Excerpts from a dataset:

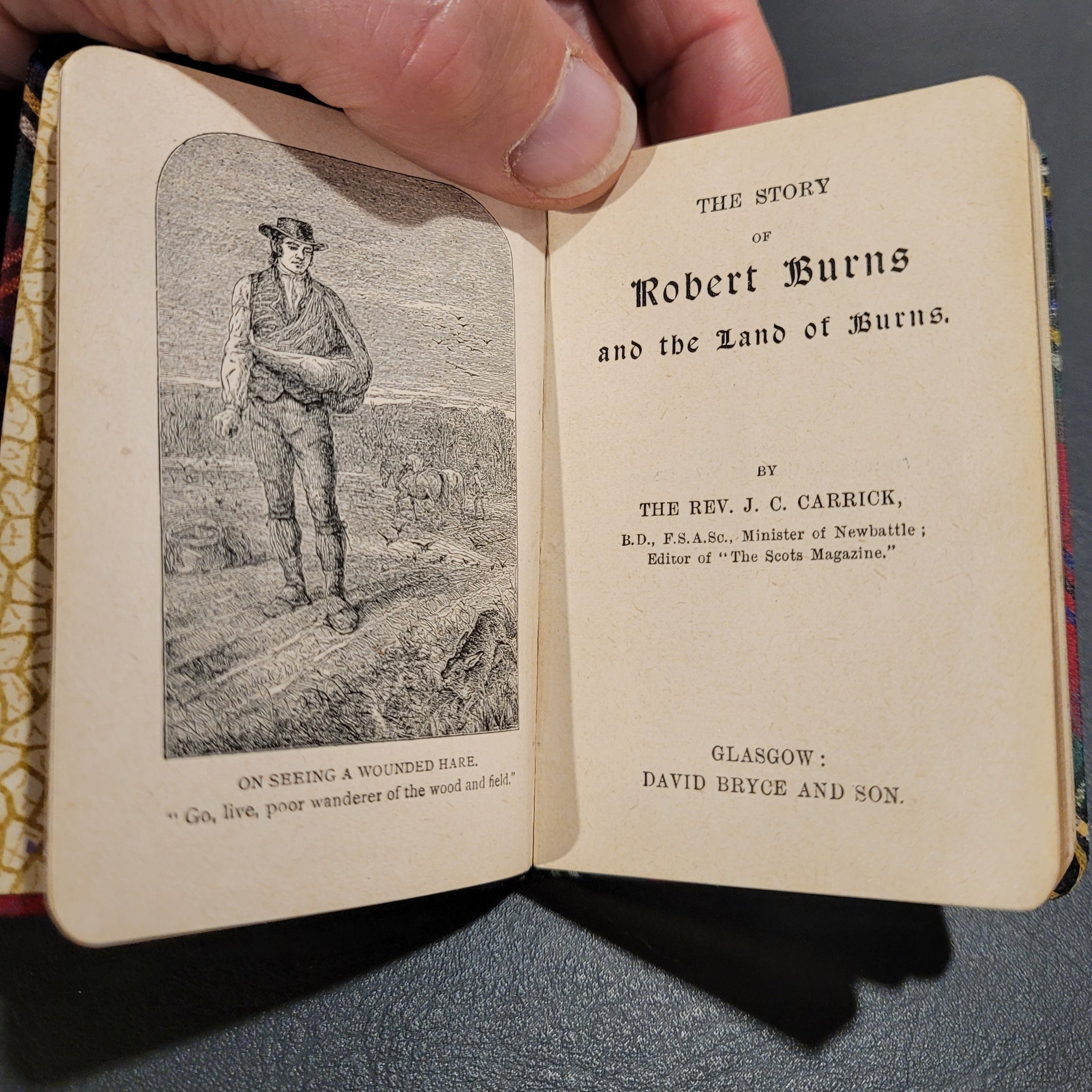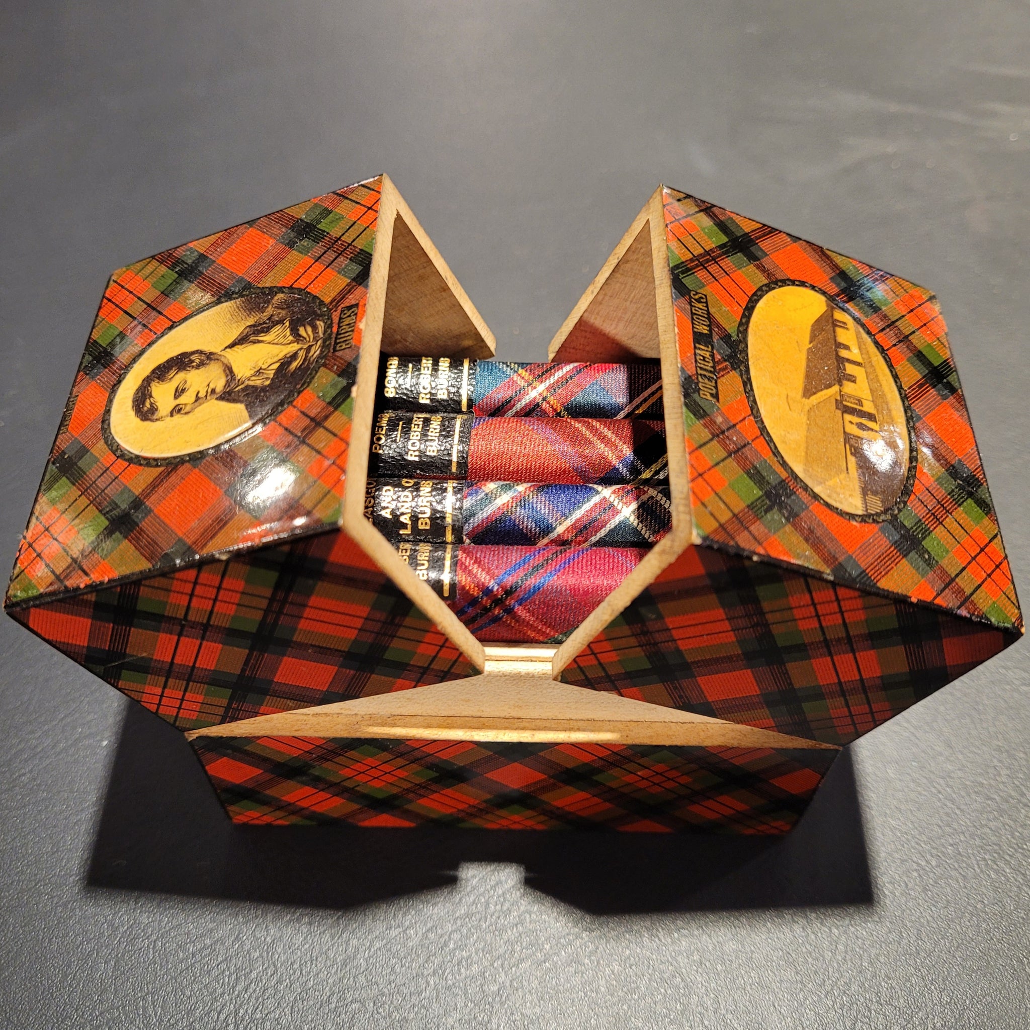 titles to spines on black. 3" x 2". They are housed in a tartan covered Mauchline box with a double hinged lid which has a portrait of Burns on the upper half and a view of his cottage in Alloway, Ayrshire on the lower half. Gilt title on the hinged lids 'Burns
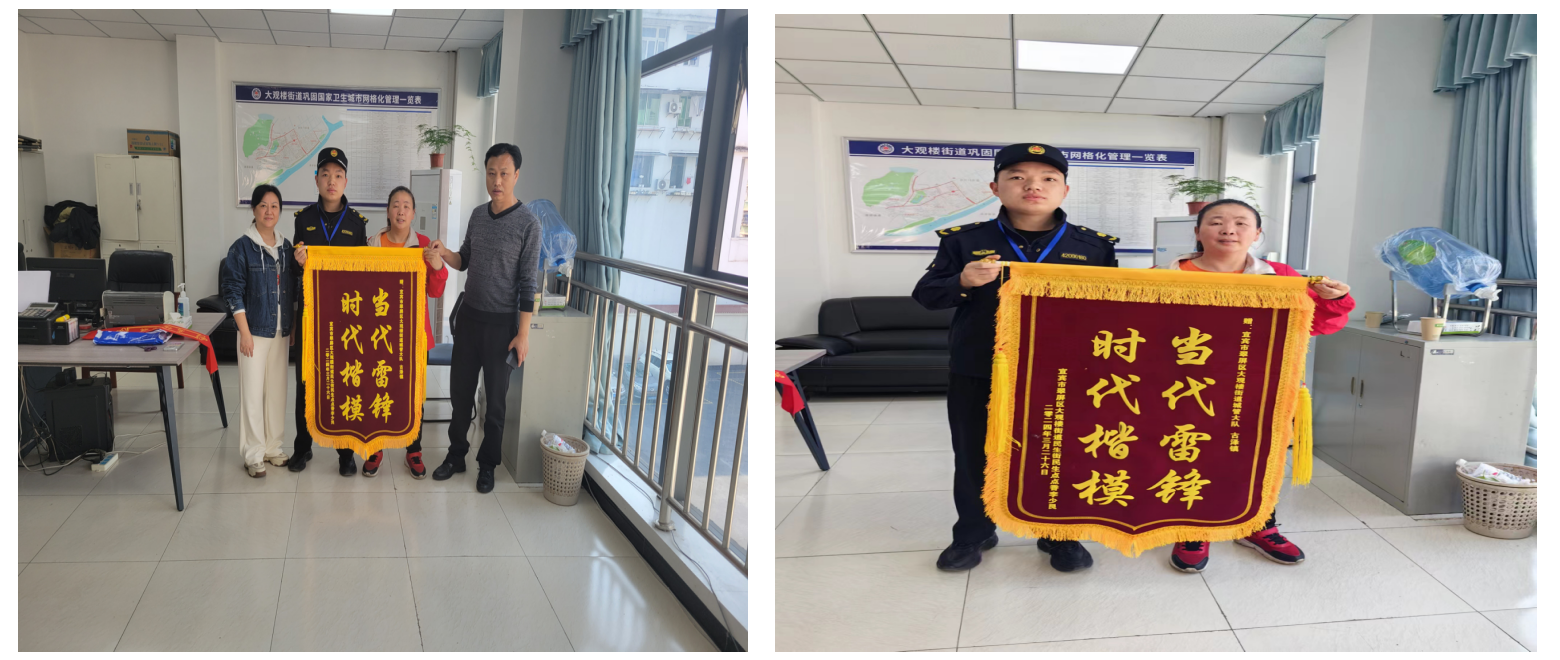 四川新闻网消息 3月26日上午,宜宾市翠屏区市民李女士将一面“当代雷锋 时代楷模”的锦旗送到翠屏区大观楼街道城管办,对大观楼街道城管大队队员古泽镇见义勇为乐于助人的行为表示深深地感谢。“在我无助的时刻,古兄弟挺身而出,这种大义不是用金钱能够衡量的,为大观楼街道城管大队点赞!”
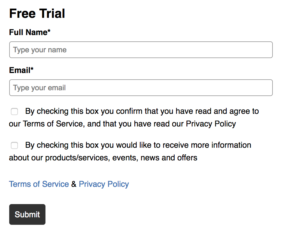 注意:您不應替聯絡人預先勾選在表格上的確認訂閱選項,因為這樣並不符合通用數據保護規定的相關要求。
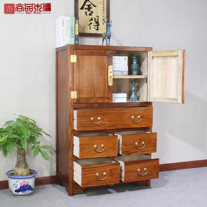 New Chinese Solid Wood Five-Closet Bedroom Cambridge Cabinet Modern Living Room Double Door Storage Locker
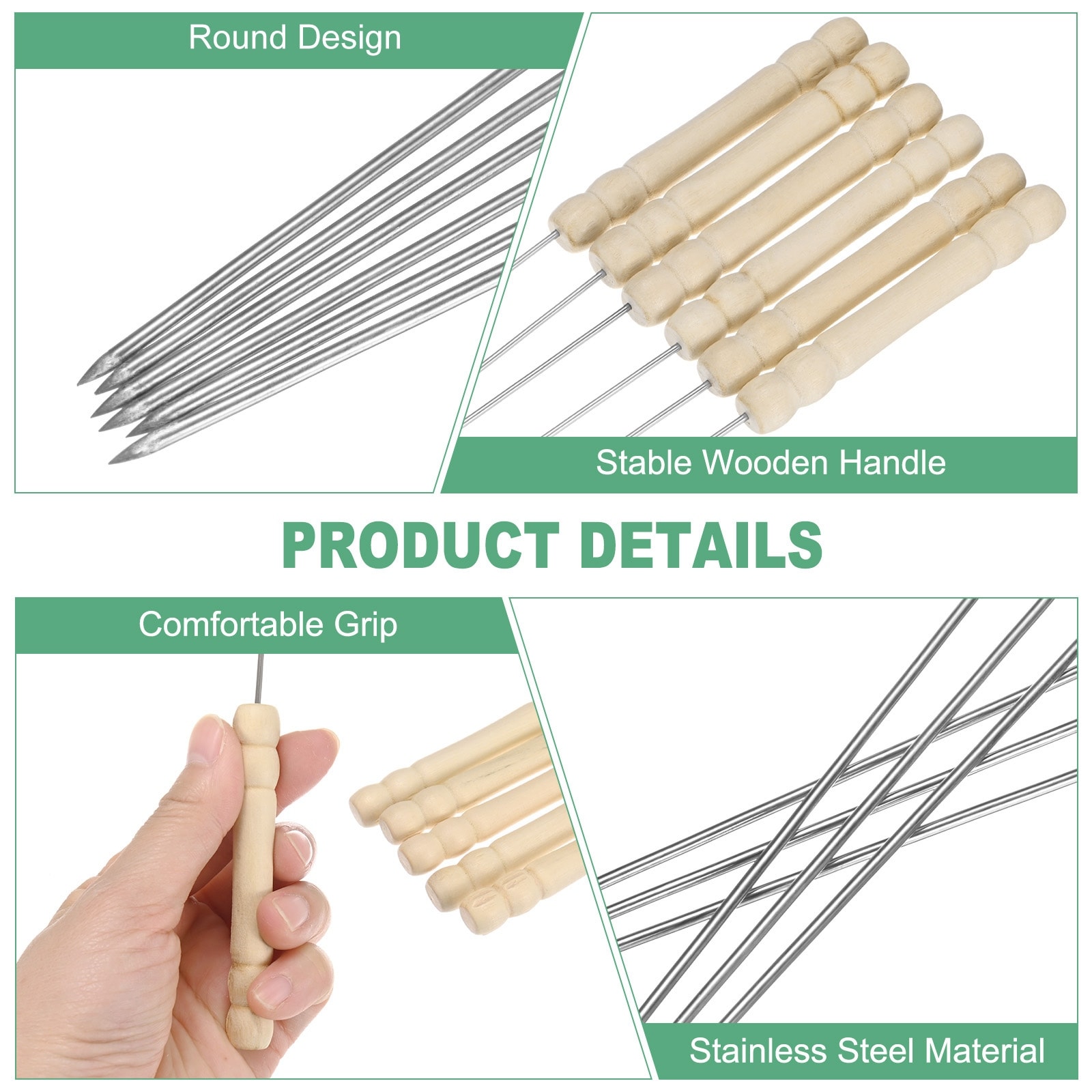 Kabob Skewers with Wood Handle, Metal Sk... |
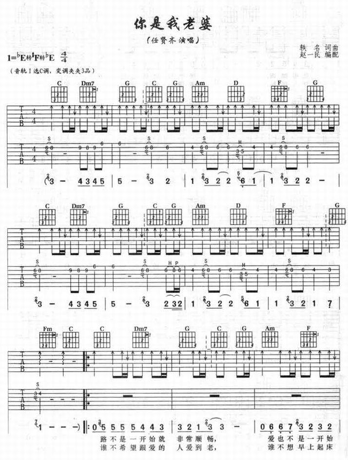 你是我老婆-任贤齐(吉他谱 吉他曲谱 吉他六线谱 吉他歌谱 吉它谱 影视吉他谱)
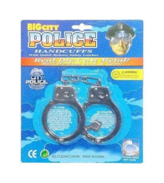Kajdanki metalowe wraz z kluczykami do pojmania niejednego przestępcy. Urozmaicą zabawę w policjanta bądź będą akcesorium do stroju na balik karnawałowy. Zabawka dla dzieci od 3 lat. Podane wymiary są wymiarami opakowania. Zabawka zapakowana w kartonowa podstawkę z przezroczystym kloszem.

→ Task goal
The lines from the one that contains "Kabob Skewers with" through the end of the data, repeated exactly and with no pictures, make up the whole answer.

→ Written reply
 Kabob Skewers with Wood Handle, Metal Sk... |
 你是我老婆-任贤齐(吉他谱 吉他曲谱 吉他六线谱 吉他歌谱 吉它谱 影视吉他谱)
Kajdanki metalowe wraz z kluczykami do pojmania niejednego przestępcy. Urozmaicą zabawę w policjanta bądź będą akcesorium do stroju na balik karnawałowy. Zabawka dla dzieci od 3 lat. Podane wymiary są wymiarami opakowania. Zabawka zapakowana w kartonowa podstawkę z przezroczystym kloszem.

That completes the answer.